The PETs draft guidance has been published ahead of the 2022 roundtable of G7 data protection and privacy authorities taking place in Bonn, Germany on 7-8 September, where the ICO will present its work on PETs to its G7 counterparts and encourage international agreement for the support of responsible and innovative use of PETs.

As part of this, the ICO will call for the development of industry-led governance, such as codes of conduct and certification schemes, to help organisations use PETs responsibly and to help PETs developers and providers to build the technology with data protection and privacy at the forefront. 

Mr Edwards said:

“It’s not just regulators that need to take action – we need the industry to step up, too. We want organisations to come to us with codes of conduct and certification schemes, for example, to show their commitment to building services or products that are designed in a privacy-friendly way and that protect people’s data.”

At 40 pages the guidance is very comprehensive.

Some key issues that should be considered are:

  • the definition of a PET is:

‘software and hardware solutions, ie systems encompassing technical processes, methods or knowledge to achieve specific privacy or data protection functionality or to protect against risks of privacy of an individual or a group of natural persons.’

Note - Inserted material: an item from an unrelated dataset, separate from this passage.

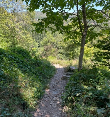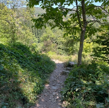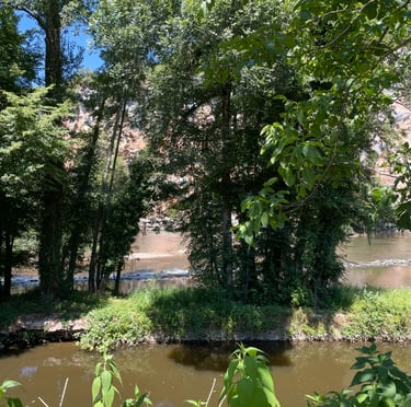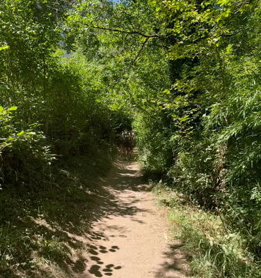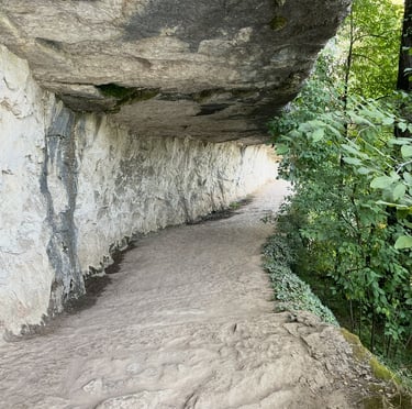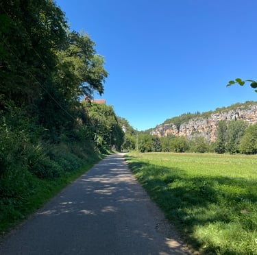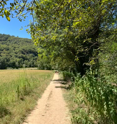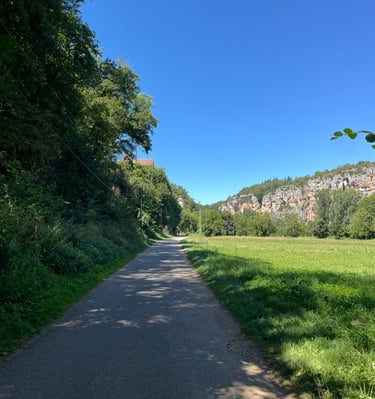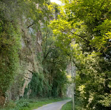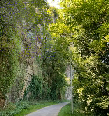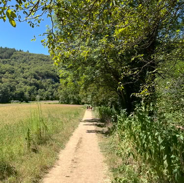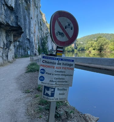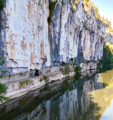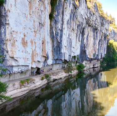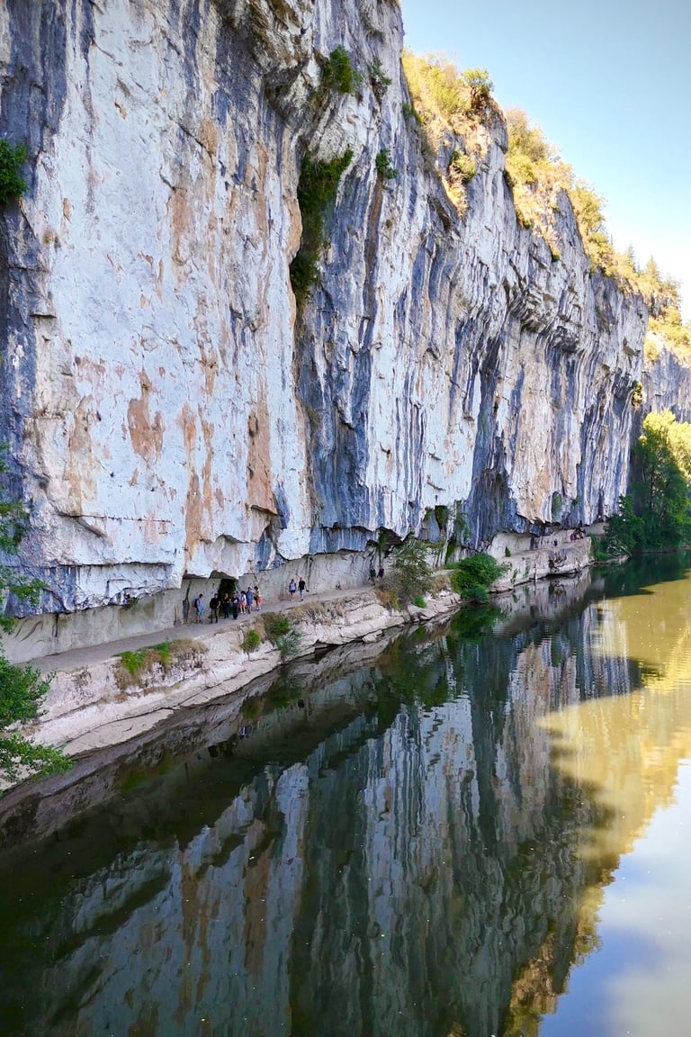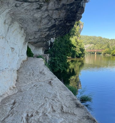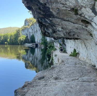 Le chemin de halage dans le Lot est un sentier pittoresque qui longe la rivière Lot, entre Bouziès et Saint-Cirq-Lapopie. Sculpté dans la falaise calcaire, il offre des vues magnifiques sur les méandres de la rivière et les falaises environnantes. Ce sentier historique, autrefois utilisé pour tirer les bateaux, est aujourd'hui un lieu de promenade tranquille, parfait pour les randonneurs et les cyclistes, au cœur d'une nature préservée.

  • PET assists in establishing data protection by design and by default by:
    • complying with the data minimisation principle, by only processing the data needed for the specified purposes;
    • providing an appropriate level of security;
    • implementing robust anonymisation or pseudonymisation solutions; and
    • minimising the risk that arises from personal data breaches, by rendering the personal data unintelligible to anyone not authorised to access it.
  • PETs, can be used work with datasets without compromising the privacy of the individuals whose data is in the dataset.
  • categories of PETS include those that:
    • reduce the identifiability of the individuals whose  data is being used/processed.  This complies with data minimisation principles.
    • focus on hiding and shielding data. These can help you achieve the requirements of the security principle; and
    • split or control access to personal data. These can help you to fulfil both the data minimisation and security principles, depending on the nature of the processing.
  • PETs that derive or generate data which reduces or removes the identifiability of individuals which weakens or break the connection between an individual in the original personal data and the derived data
  • PETs that focus on hiding, or shielding, data protect individuals’ privacy while not affecting the utility andaccuracy of the data.  They include:
    • homomorphic encryption, which allows computation to be performed on encrypted data without revealing the plaintext; and
    • zero-knowledge proofs, which allow one party to prove to another party that something is true, without revealing what that something is or indeed anything else (such as the underlying data).
  • PETs that split datasets or control access to certain parts of the data minimise the amount of personal data shared and to ensure confidentiality and integrity, while not affecting the utility and accuracy of the data.  That includes
    • trusted execution environments
    • secure multi-party computation (SMPC), including private-set intersection
    • federated learning
  • PETs can play a role in anonymisation
  • The types of PETs are:
    • homomorphic encryption, which  provides strong security and confidentiality by enabling computations on encrypted data without first decrypting it.
    • secure multiparty computation which provides data minimisation and security by allowing different parties to jointly perform processing on their combined data, without any party needing to share its all of its data with each of the other parties.
    • federated learning trains machine learning models in distributed settings while minimising the amount of personal data shared with each party.
    • trusted execution environments provide enhanced security by enabling processing by a secure part of a computer processor, which is isolated from the main operating system and other applications.
    • zero-knowledge proofs provide data minimisation by enabling an individual to prove private information about themselves without revealing what it actually is.
    • differential privacy generates anonymous statistics by adding noise to individual records.
    • synthetic data provides realistic datasets in environments where access to large real datasets is not possible.